Answer:
The new voltage between the plates of the capacitor is 18 V
Explanation:
The charge on parallel plate capacitor is calculated as;
q = CV
Where;
V is the battery voltage
C is the capacitance of the capacitor, calculated as;
[tex]C = \frac{\epsilon _0A}{d} \\\\q =CV = (\frac{\epsilon _0A}{d})V = \frac{\epsilon _0A V}{d}[/tex]
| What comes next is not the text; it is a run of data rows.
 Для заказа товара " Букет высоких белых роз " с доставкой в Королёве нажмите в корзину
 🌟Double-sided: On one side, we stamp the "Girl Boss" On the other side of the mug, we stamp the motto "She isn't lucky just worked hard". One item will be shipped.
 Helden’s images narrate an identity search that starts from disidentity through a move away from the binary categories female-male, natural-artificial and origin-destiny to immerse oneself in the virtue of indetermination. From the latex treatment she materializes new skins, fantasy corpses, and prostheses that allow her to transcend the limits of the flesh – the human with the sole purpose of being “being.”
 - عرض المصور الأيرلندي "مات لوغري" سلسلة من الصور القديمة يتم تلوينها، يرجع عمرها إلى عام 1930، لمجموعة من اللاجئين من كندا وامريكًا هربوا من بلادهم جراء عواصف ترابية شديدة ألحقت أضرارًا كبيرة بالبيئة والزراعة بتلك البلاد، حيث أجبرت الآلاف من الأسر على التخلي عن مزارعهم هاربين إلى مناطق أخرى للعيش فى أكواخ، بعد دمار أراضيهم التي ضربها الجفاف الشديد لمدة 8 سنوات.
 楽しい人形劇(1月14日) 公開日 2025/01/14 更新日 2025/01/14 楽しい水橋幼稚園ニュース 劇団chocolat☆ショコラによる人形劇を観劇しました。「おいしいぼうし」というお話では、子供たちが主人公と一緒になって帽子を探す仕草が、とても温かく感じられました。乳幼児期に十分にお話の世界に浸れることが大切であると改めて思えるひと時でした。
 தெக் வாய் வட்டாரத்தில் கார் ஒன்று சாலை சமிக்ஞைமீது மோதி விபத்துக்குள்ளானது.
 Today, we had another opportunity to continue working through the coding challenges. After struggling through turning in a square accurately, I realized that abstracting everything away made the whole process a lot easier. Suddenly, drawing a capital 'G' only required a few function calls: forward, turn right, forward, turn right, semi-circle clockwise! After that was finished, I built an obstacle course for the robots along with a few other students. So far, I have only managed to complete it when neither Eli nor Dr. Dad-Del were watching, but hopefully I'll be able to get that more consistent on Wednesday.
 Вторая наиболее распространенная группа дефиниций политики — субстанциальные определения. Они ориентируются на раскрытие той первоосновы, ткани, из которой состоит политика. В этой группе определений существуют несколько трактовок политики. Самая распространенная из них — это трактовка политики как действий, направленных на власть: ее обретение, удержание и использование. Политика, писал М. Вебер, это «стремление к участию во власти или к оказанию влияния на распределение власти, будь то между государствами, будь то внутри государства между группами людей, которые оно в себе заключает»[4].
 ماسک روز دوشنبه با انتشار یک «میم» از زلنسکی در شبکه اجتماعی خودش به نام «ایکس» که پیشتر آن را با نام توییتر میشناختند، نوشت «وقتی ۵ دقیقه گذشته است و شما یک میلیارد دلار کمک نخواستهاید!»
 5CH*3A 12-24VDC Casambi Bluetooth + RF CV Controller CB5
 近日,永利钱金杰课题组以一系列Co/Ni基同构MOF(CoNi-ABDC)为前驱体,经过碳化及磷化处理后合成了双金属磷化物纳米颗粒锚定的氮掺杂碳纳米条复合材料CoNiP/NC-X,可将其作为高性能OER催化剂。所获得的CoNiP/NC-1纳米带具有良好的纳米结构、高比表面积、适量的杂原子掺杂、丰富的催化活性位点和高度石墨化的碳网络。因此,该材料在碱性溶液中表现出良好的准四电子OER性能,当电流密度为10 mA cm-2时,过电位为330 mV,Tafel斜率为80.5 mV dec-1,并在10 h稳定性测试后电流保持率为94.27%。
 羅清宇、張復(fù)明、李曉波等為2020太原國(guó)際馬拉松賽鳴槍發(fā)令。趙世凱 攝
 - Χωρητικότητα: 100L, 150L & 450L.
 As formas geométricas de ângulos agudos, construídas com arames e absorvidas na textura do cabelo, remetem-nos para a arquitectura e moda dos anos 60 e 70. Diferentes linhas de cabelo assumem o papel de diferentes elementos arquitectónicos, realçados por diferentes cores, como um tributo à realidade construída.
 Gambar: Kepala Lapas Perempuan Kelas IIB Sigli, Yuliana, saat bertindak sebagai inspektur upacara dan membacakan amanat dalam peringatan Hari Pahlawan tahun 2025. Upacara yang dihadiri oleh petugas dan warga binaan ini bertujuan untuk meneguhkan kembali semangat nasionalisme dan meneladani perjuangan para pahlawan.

[tex]q = \frac{\epsilon _0A V}{d}[/tex]
where;
ε₀ is permittivity of free space
A is the area of the capacitor
d is the space between the parallel plate capacitors
If only the space between the capacitors is doubled and every other parameter is kept constant, the new voltage will be calculated as;
[tex]q = \frac{\epsilon _0A V}{d} \\\\\frac{\epsilon _0A V}{d} = \frac{\epsilon _0A V}{d} \\\\\frac{V_1}{d_1} = \frac{V_2}{d_2} \\\\V_2 = \frac{V_1d_2}{d_1} \\\\(d_2 = 2d_1)\\\\V_2 = \frac{V_1*2d_1}{d_1} \\\\(V_1 = 9V)\\\\V_2 = \frac{9*2d_1}{d_1} \\\\V_2 = 9*2\\\\V_2 = 18 \ V[/tex]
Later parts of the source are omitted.